Knowing that your partner has your back and will be there through thick and thin is a good sign you are ready for a collar. A collar is a huge step, a milestone in your relationship, and treating it as such can help you decide when is the best time to add it.
So, How Do You Know You’re Ready?
Once you know what a collar means to you and you’ve got answers to the questions about whether you’re committed to your relationship and your partner is, too, you can nail down if you’re ready for the weight of a collar. I’m not asking if your Dominant is ready or if the collar is at that point; I’m asking you, right now, if YOU are prepared for what a collar entails.
As submissives, our core drive is to submit or surrender. In a relationship, we build that submission into service to the Dominant in ways that benefit you. In a collar, you may be asked just how far you are willing to go. If you do not feel completely compelled to do as they say or feel yourself questioning or challenging them, you may not be ready for a collar with this person. You’ll be committing, with some permanence, to the Dominant you currently submit to.
I encourage all submissives, when they reach this point in their relationship, to really give it some thought, to spend some time looking inward and see if wearing a collar is in the hope of fixing something (it won’t) or making you feel more secure in the relationship (it shouldn’t). You can’t fix a broken relationship with a collar, and you should already feel secure before you accept one.
Asking for a Collar
In some situations, it is appropriate for the submissive to ask the Dominant for a collar. When you know each other well enough and are on the same page regarding what a collar means, you may learn that the Dominant wants the submissive to ask or beg to be collared by them. In this situation, the submissive is exhibiting a driving need to be under this person's care and guidance, and they wish to live in their service.
Like in the vanilla world, where it's rarer for women to propose to men, submissives asking for a collar is not the norm. If you are familiar with John Norman’s Gor Series of 27(?) books, there are moments where a woman begs for a collar. You could try to mimic one of those descriptions. This is where I think the whole idea of begging for a collar comes from, as well as the idea of collaring ceremonies and even fancy submissive positions.
If you are expected to ask for your collar, find the words from your heart. Make it a pure and genuine request. If you wish, set it up like a marriage proposal. Declare your devotion, share a story of the unique connection the two of you share, and then ask them for the collar.
Still, the easiest way is just to come out and ask.
Receiving a Collar
Receiving your collar is a special occasion for many submissives and slaves. For some, this time means celebrating your relationship and the commitment that is about to happen.
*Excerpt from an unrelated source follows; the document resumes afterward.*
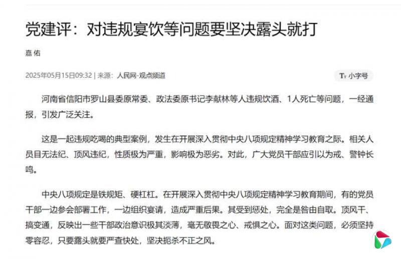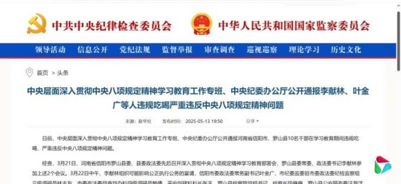 近1800字的报道开头写道,日前,中共中央层面深入贯彻中央八项规定精神学习教育工作专班、中央纪委办公厅公开通报河南省信阳市、罗山县10名干部在学习教育期间违规吃喝、严重违反中央八项规定精神问题。

There is no right or wrong way to receive a collar. KnyghtMare preferred to have me kneel in private and put the collar on. We gazed into each other's eyes momentarily and felt immense emotions. If you want a ceremony, it can be formal or informal. They can be private or in front of your friends and “family.”
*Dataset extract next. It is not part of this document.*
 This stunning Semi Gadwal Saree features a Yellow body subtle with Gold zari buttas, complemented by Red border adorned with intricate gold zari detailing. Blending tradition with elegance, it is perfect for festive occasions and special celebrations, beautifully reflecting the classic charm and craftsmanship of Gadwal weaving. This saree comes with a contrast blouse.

A collaring ceremony is an option for those who wish to plan a more formal celebration. I recommend you use a wedding as an example ceremony. After all, you are committing yourself to someone extraordinarily and often permanently. Why not use an existing ceremony and customize it for your needs? You can use any parts of it that you would like, add ritualistic moments, and make the event as personal as you wish.
Read More: How to Plan a Formal Collaring Ceremony
Remember, the most important thing is to prioritize your well-being and to only enter into a BDSM relationship if you feel comfortable, safe, and respected. A collar can be an important step in your D/s relationship, and hopefully, I've helped you learn what you might expect from your own dynamic!